Trade union Unite has launched a new campaign urging Scotch whisky producers to move all bottling operations to Scotland, called ‘Save Our Scotch’.

‘Save Our Scotch’ has been launched following confirmation of Diageo’s job cuts in Scotland

The campaign follows news that Diageo plans to axe 105 jobs from its Leven plant in Fife and its Shieldhall site near Glasgow as the group moves more of its bottling operations outside of the UK to Italy and the US.

Unite said Diageo was aiming to “divide and rule” by “moving work around the globe to make Scottish workers afraid for their jobs”, while the GMB union accused the group of a “gross betrayal” against workers in what it viewed as a response to Brexit.

Diageo said the restructure aims to ensure it has “flexibility to respond to increased competition and external volatility”.

Now, Unite has launched the UK-wide Save Our Scotch campaign, which aims to safeguard Scotch whisky bottling jobs in Scotland and help “preserve the integrity” of the industry.

Single malt Scotch whisky must be bottled in Scotland according to law, but other types of Scotch can be exported in bulk and then bottled locally in other countries. Local Scotch bottling operations are particularly common in countries with high import tariffs such as India.

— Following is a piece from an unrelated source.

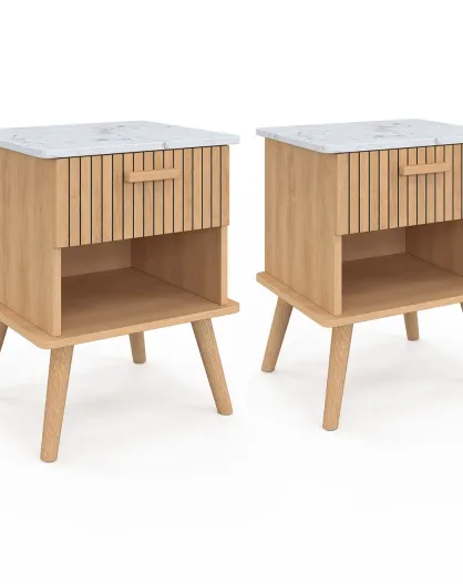 2 Tables de chevet Marceau effet lattes bois/effet marbre blanc - 40x34x50 cm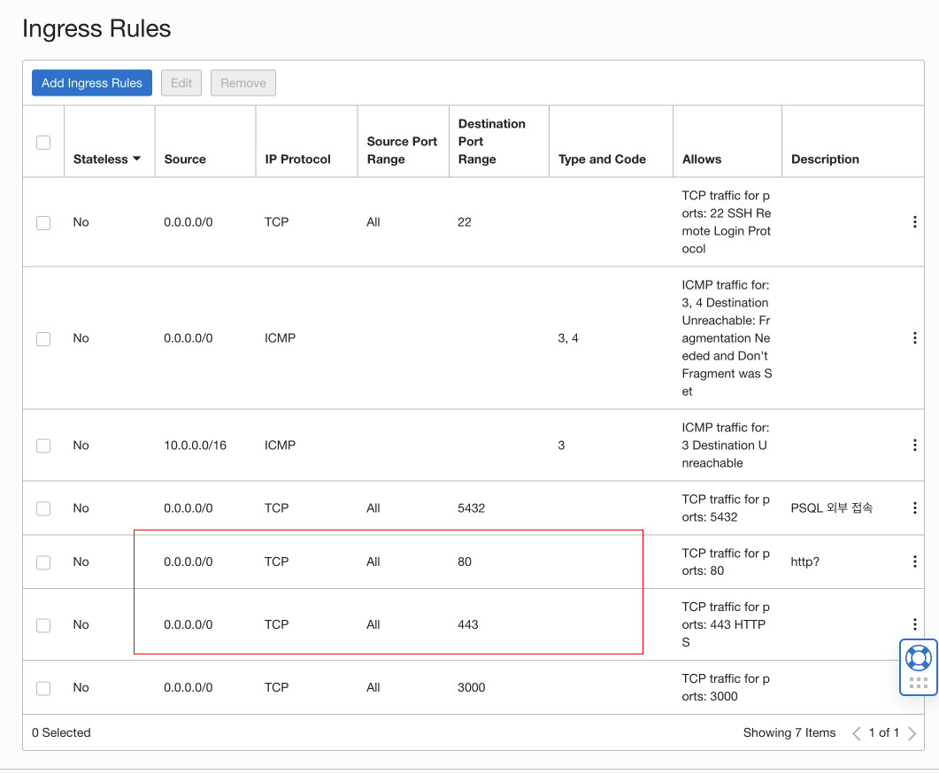 아마존 AWS EC2 에서는 보통 이것이 inbound rules 라고 되어있는 부분. 포트를 80(http), 443(https) 를 열어줌으로써 해결을 하곤 했다. 오라클의 경우 이 부분이 Ingress Rules 라는 단어를 사용한다. 다음 사진들은 그 Ingress Rules 를 수정하는 스크린샷이다.

However, Unite wants to see bottling operations for all Scotch whisky categories moved to Scotland.

According to Pat McIlvogue, Unite regional officer, such action would both protect Scottish jobs and also better defend the integrity of Scotch whisky by preventing potential contamination and counterfeiting.

“We are trying to protect jobs in the industry, and to do this, we believe we believe we have to make sure the process stays in Scotland,” McIlvogue told The Spirits Business. “But we are also protecting the brand and reputation of Scotch whisky by doing this. We want to protect the industry, from grain to glass.”

Of current Scotch whisky bottling operations abroad, he said: “We appreciate these are conducted under very strict circumstances, but we think we can better control the process if it happens in Scotland.”

The Scotch Whisky Association (SWA) has criticised the campaign, saying it could have “damaging consequences for the Scotch whisky industry and Scotland”.

Julie Hesketh-Laird, chief executive of the SWA, said: “The enormous global growth and success of Scotch over recent years has been built on free trade and we want that to continue.

“A total ban on bulk exports would face serious legal and regulatory obstacles in the UK and EU, and would significantly affect trade with a large number of countries which have been importing bulk Scotch Whisky for many decades.”